I would love if, at design time, all the possible exceptions that could happen were able to be inferred. But, the way it happens in java, it's entirely manual, and it won't catch things where I'm referencing compiled code. The design of checked exceptions in Java lead to all kinds of exception anti-patterns becoming common, just to shut up javac.


Exactly. I have no problem with a function declaring the sort of exceptions it can handle, although simply handling them when they occur is normally good enough.


Java is the only mainstream language with checked exceptions and checked exceptions are nowhere near usefulness of static typing.

Following your logic, Java developers can now say “if you don’t like freedom of Java, use Rust/Haskell/Scala to validate everything at compile time”


Checked exceptions are part and parcel of a type system, though. If you have a foo function that returns a value or error you've got different options. Pseudo code they are:

foo():boolean throws Some, List, Of, Errors

foo():boolean | Some | List | Of | Errors

foo():(boolean | nil) , (nil | Some | List | Of | Errors)

The first is checked exceptions. The second is returning different types. Typically there's some sort of Option wrapper for ergonomics. The third returns a result, err tuple and by checking if err is nil you can see if foo succeeded.

Ultimately they are all the same. What differs is the boilerplate/syntax to accomplish what you want. If what you want is a generic error to handle unknown events then you gotta write it that way no matter which system you use.


You could say Rust error handling is more like checked than unchecked exceptions.


It is, that’s the whole point.


Java is not the only language that has checked exceptions. C++ has them too, for example, but thanks god virtually nobody uses them in C++.


Checked exceptions (i.e. "dynamic exception specification") were deprecated in C++11 and removed in C++17.


C++ never had checked exceptions. It had dynamic exception specifications but they were a very different (and useless) thing as they were runtime checked not statically.

I wish C++ had checked exceptions.


> The point is, if you don't need the rigor of a strongly typed compiled language

This has nothing to do with strongly typed compiled languages vs alternatives.


Perhaps a bash script is all you need.

Brutal, even for this site


Java almost took pride in making the developer jump through extra hoops

That's exactly it. A holier-than-thou stance, reprised by most comments in this post.

Checked exceptions were a PITA.

Someone has recommended to use another language if you didn't like it. Unfortunately my employer at that time had entered a partnership with Sun that prevented that :)

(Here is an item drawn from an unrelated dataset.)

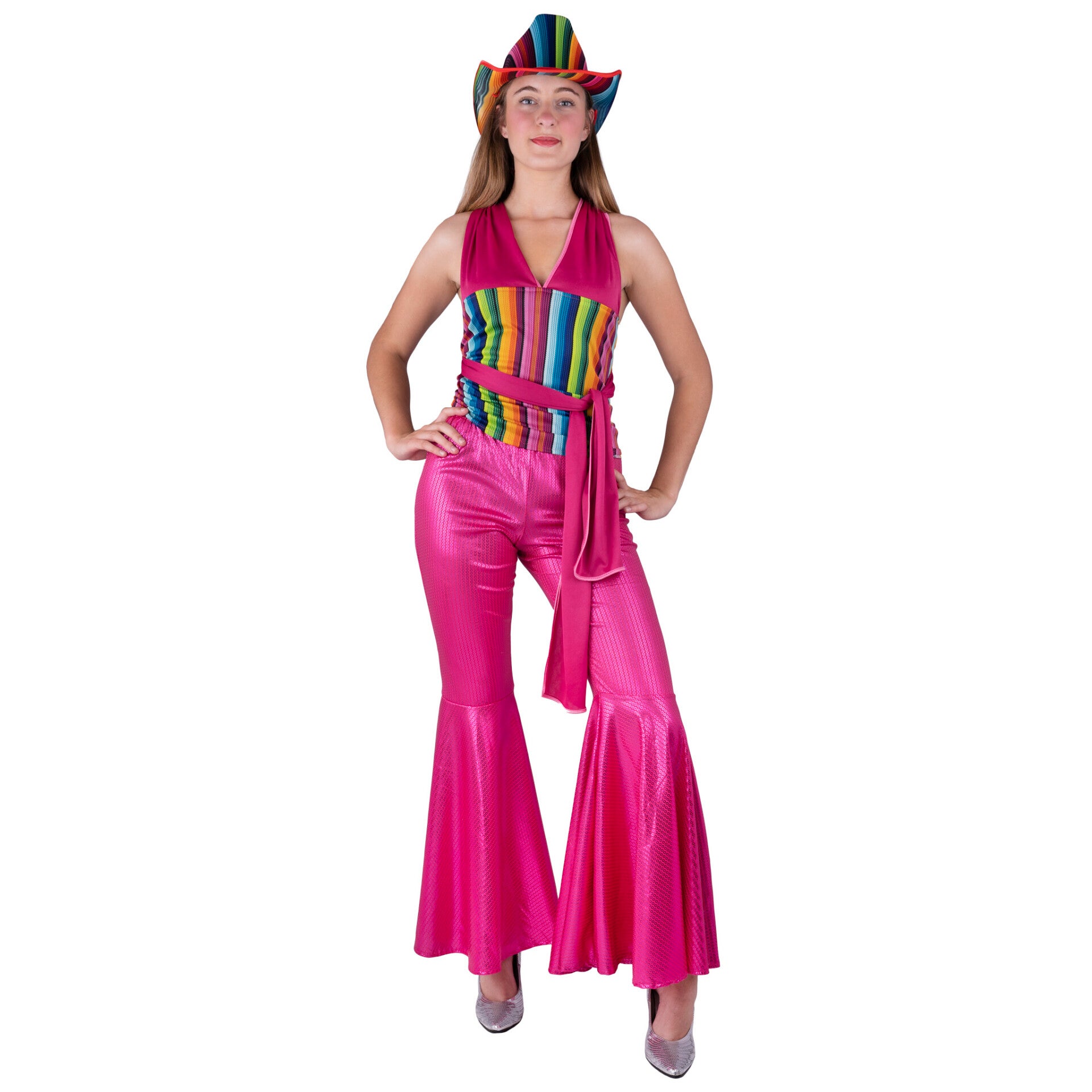 Stap in de spotlights met deze roze discobroek vol pailletten!

Another ideological prohibition: no pointers. Well, how do you assign event handlers then? People were extremely confused with anonymous classes. I got the reason instantly.


> Checked exceptions - a feature that seems to be a cost to the developer 100% of the time

That's because exceptions are overused for not-truly-exceptional conditions. Languages that throw exceptions when a dictionary does not have a key you're looking for are doing it wrong.